3 Comments

Real-time Generation of Numeric Data Fixtures in IronPython

Gates to Globe Theatre, LondonRecently I’ve been working on a .NET app that communicates with multiple internet end points. Each end point is a data collector, and numeric data is retrieved over these connections in real time.

It is important for the app to be able to do some analysis of the data, such as minimum and maximum value, or the rate of change of a value. In order to write meaningful system tests over this functionality, I needed to simulate the data that will be generated by the end points.

Weighing My Options

There are a number of ways one could go about this. For example, the numeric data could be stored as binary-file fixtures and split up into “frames” for each response. However, this approach is problematic for two reasons. First, if the “frame rate” of the simulated end point fluctuates substantially, either the data output will get out of sync with the intent, or the code that is sending the fixture data has to be smart enough to interpolate frames. Second, it is non-trivial to create the amounts and variety of data required for sufficient testing, to the point where you would very likely want to be able to automatically generate the data given certain rules. By the time you are doing that, you might as well have your data simulator move up a level of abstraction.

I decided to create a simulation engine that can generate these responses. The engine builds a response from the results of a number of functions f(x), where x is time and the return value is whatever type of data is expected in a given response, generally a scalar like a float or int but also sometimes an array.

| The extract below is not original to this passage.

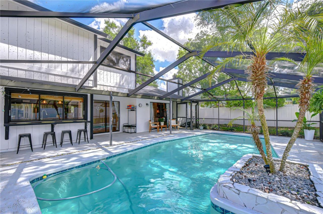 Get ready to fall in love! Situated on a spacious corner lot with a fully fenced backyard, this beautifully updated pool home offers the perfect blend of comfort, style, and convenience-complete with low HOA and no CDD fees. Meticulously maintained, this 4-bedroom, 2.5-bath, 2-car garage residence welcomes you with a charming front porch and undeniable pride of ownership throughout. Inside, you'll find a light-filled interior featuring luxury vinyl, laminate, and tile flooring-no carpet anywhere. The dining room showcases stylish shiplap accent walls that flow seamlessly into the living space. At the front of the home, the living room features French doors that open to the front porch, creating a wonderful indoor-outdoor space perfect for relaxing, entertaining, or enjoying quiet mornings. The fully remodeled kitchen is both functional and elegant, offering wood cabinetry, granite countertops, stainless steel appliances, an island with bar seating, a pass-through window, and a built-in hutch-perfect for everyday living and entertaining alike. The family room is a standout, featuring a wood-burning fireplace framed by custom built-ins, soaring vaulted ceilings that create an open, inviting atmosphere, and French doors leading to the lanai. Upstairs, the spacious primary suite serves as a true retreat with an updated en-suite bath, complete with a skylight, separate shower, standalone soaking tub, and an oversized walk-in closet. Three additional generously sized bedrooms share a full bath, providing flexibility for a variety of needs. A convenient second-floor laundry chute adds to the home's thoughtful design. Outdoor living truly shines in this home, offering the perfect setup for entertaining and enjoying the Florida lifestyle. The oversized screened-in pool area is complemented by a spacious covered lanai, ideal for gathering with family and friends. A pass-through window from the kitchen creates a seamless indoor-outdoor connection, complete with bar seating-perfect for serving drinks or casual dining poolside. Beyond the screened enclosure, the fully fenced backyard offers additional space with a patio area ideal for grilling, relaxing, or creating your own outdoor retreat. Surrounded by mature oak trees and lush landscaping, this backyard is both private and inviting-designed for making memories year-round. Major updates include a new roof (2021), pool pump (2021), and AC unit (2024), offering peace of mind for years to come. Ideally located with easy access to Tampa, Wesley Chapel, Lakeland, Plant City, Lithia, and Riverview-just 20-30 minutes away-and close to everything the Greater Brandon area has to offer. Schedule your private showing today and experience all this exceptional home has to offer!

Because I wanted to be able to define or alter these functions in my data fixtures, I needed some degree of scripting. It’s probably possible — with a lot of effort — to compile external C# code inside a pre-compiled project. However this didn’t seem like a lot of fun, and moreover, it seemed like overkill for the simple little math functions I wanted to write. Another option would have been to write a parser & script engine that only handled one or two functions. However, I know from experience that developing a custom scripting engine is a bad idea. No matter how small it is intended to be, a scripting engine is one of those tasks grows and grows into a behemoth, into a giant Katamari ball of code.

Using IronPython

I decided my best shot was to try and leverage a scripting language that already existed. After a bit of googling I settled on IronPython. I was really impressed by how easy it was to get a Python instance up and running in my .NET project. We’re talking JRuby easy, maybe easier. In a few hours, I was running my Python scripts in the project and generating responses.

Because IronPython uses dynamic typing and because I knew I would be generating up to several hundred responses per second, I did a little testing to make sure there were no performance problems. Other than the initial compilation required for the first invocation, everything was really fast. I decided to pay that compilation cost up front before the simulation actually began, by calling the function with time equal to zero and ignoring the result.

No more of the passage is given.